[[ PROVIDED RECORDS, beginning ]]

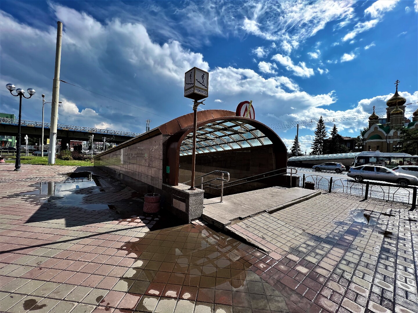 еще одна весьма своеобразная и колоритная достопримечательность - недостроенное метро Омска, в виде единственной станции - Библиотека имени Пушкина
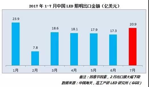 慧聪LED屏网报道 GGII发布的《2016-2017年中国LED照明出口月度监测报告》数据显示,2017年7月中国LED照明出口总额达20.9亿美元,较上月增长21%。总体来看,自前面3-6月份出口市场行情下倾以来算是一大增长的整体态势
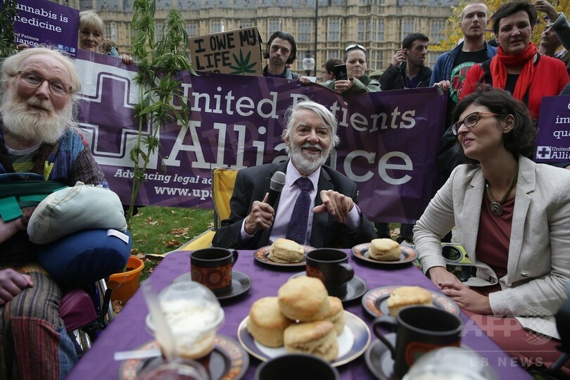 【10月11日 AFP】英ロンドン(London)で10日、医療用大麻の合法化を訴える試みとして、推進団体が国会議事堂前で大麻入りの紅茶やケーキを提供する「お茶会」を開催し、野党・労働党のポール・フリン(Paul Flynn)議員など複数の国会議員が参加した。
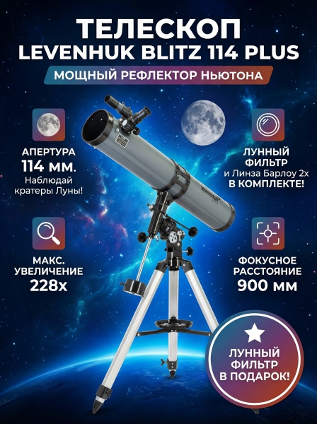 Купить оптический телескоп-рефлектор Levenhuk Blitz 114 PLUS по эксклюзивной цене от официального дилера. Профессиональные консультации.
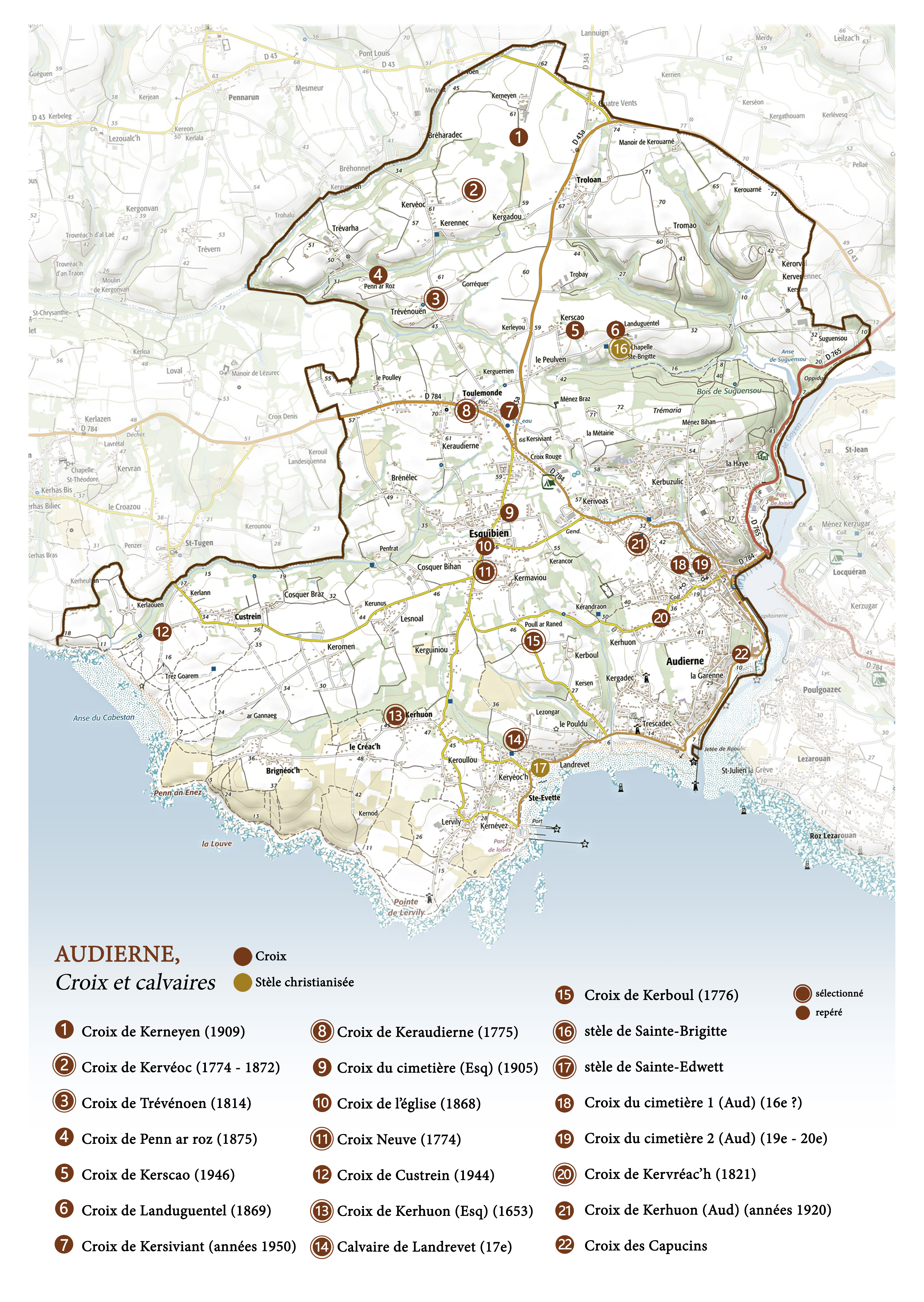 Les croix monumentales d'Audierne, carte de localisation.Immatriculation
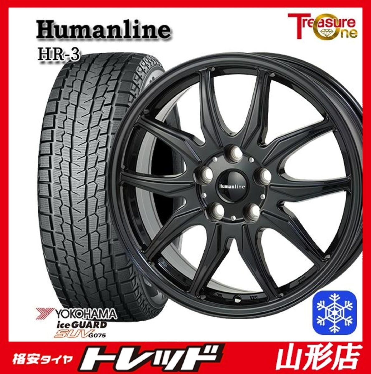 > 山形店 新品 冬タイヤホイールセット Humanline HR-3 18インチ 7.0j 5H114.3 +40 BK ヨコハマ アイスガードSUV G075 225/60R18 2025年製

[[ PROVIDED RECORDS, end ]]

WHAT THE EXERCISE ASKS →
Exact repeats of the lines from the first one in the data through the line containing "Купить оптический телескоп-рефлектор" make up the answer. Pictures do not.

RESPONSE FOR THIS EXERCISE →
 еще одна весьма своеобразная и колоритная достопримечательность - недостроенное метро Омска, в виде единственной станции - Библиотека имени Пушкина
 慧聪LED屏网报道 GGII发布的《2016-2017年中国LED照明出口月度监测报告》数据显示,2017年7月中国LED照明出口总额达20.9亿美元,较上月增长21%。总体来看,自前面3-6月份出口市场行情下倾以来算是一大增长的整体态势
 【10月11日 AFP】英ロンドン(London)で10日、医療用大麻の合法化を訴える試みとして、推進団体が国会議事堂前で大麻入りの紅茶やケーキを提供する「お茶会」を開催し、野党・労働党のポール・フリン(Paul Flynn)議員など複数の国会議員が参加した。
 Купить оптический телескоп-рефлектор Levenhuk Blitz 114 PLUS по эксклюзивной цене от официального дилера. Профессиональные консультации.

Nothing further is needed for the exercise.